Yes, but not fully polished (cloudwatch setup has been commented out). We are using rust crates for tracing & metrics. Currently working on distributed tracing capabilities, and we have embedded trace_id in all our rpc headers. Once it is stabilized, we'd like to update it in the docs.
> Although it doesn't matter as much for my use case as for others, what is the specific jurisdiction of origin?
The company (FractalBits Labs) is incorporated in the United States. The BYOC model means your data stays in your cloud account in your chosen AWS region - we never see your data.
> Is there a CLA and does that CLA involve assigning rights like copyright (helps prevent the 'rug-pull' closing-source scenario)?
CLA: Currently no CLA - contributions are under Apache 2.0 via the standard "inbound = outbound" model. We don't require copyright assignment. This makes a rug-pull harder since we can't relicense without contributor consent. Happy to discuss a more formal CLA if the community prefers one.
> Is there a non-profit Foundation, goal for CNCF sponsorship or other trusted third-party to ensure that the software remains open source (although forks of prior versions mostly mitigates that concern)?

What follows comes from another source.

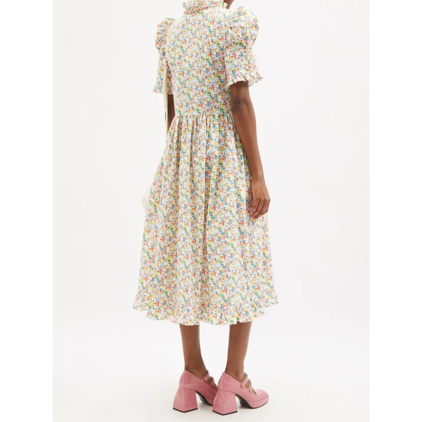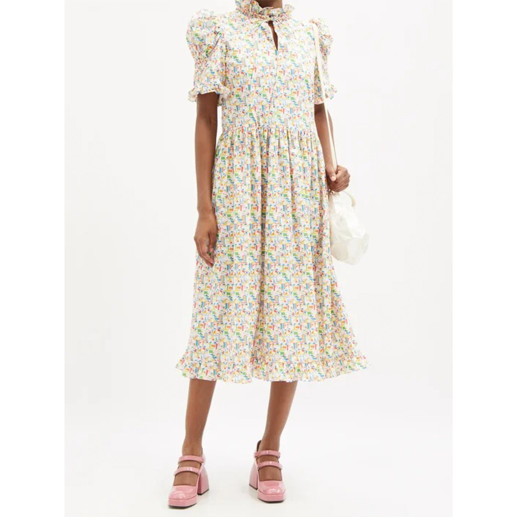 ハリのあるコットンポプリンにレトロなジオメトリックプリントをあしらい、シグネチャーのラッフル付きネックラインとパフスリーブで仕上げた「レアンドラ」ドレス。膝下の絶妙な丈感がよりエレガントに演出してくれる一着です。

Foundation/CNCF: Not yet, but it's something we're open to as the project matures (Apache/CNCF/LF AI & Data Foundation). For now, the Apache 2.0 license provides baseline protection - any prior version remains open source regardless of future decisions. We'd welcome community input on governance structure as adoption grows. On the other hand, I (with a partner) have been full-time working on this for a whole year, and would also welcome conversations with anyone interested in supporting the project's growth.
[1] https://github.com/fractalbits-labs/fractalbits-main/blob/ma... [2] https://github.com/fractalbits-labs/fractalbits-main/blob/ma... [3] https://github.com/minio/minio/issues/7986
throwaway894345
8 hours ago
I’m also curious about the Kubernetes story—specifically how can one run this in Kubernetes?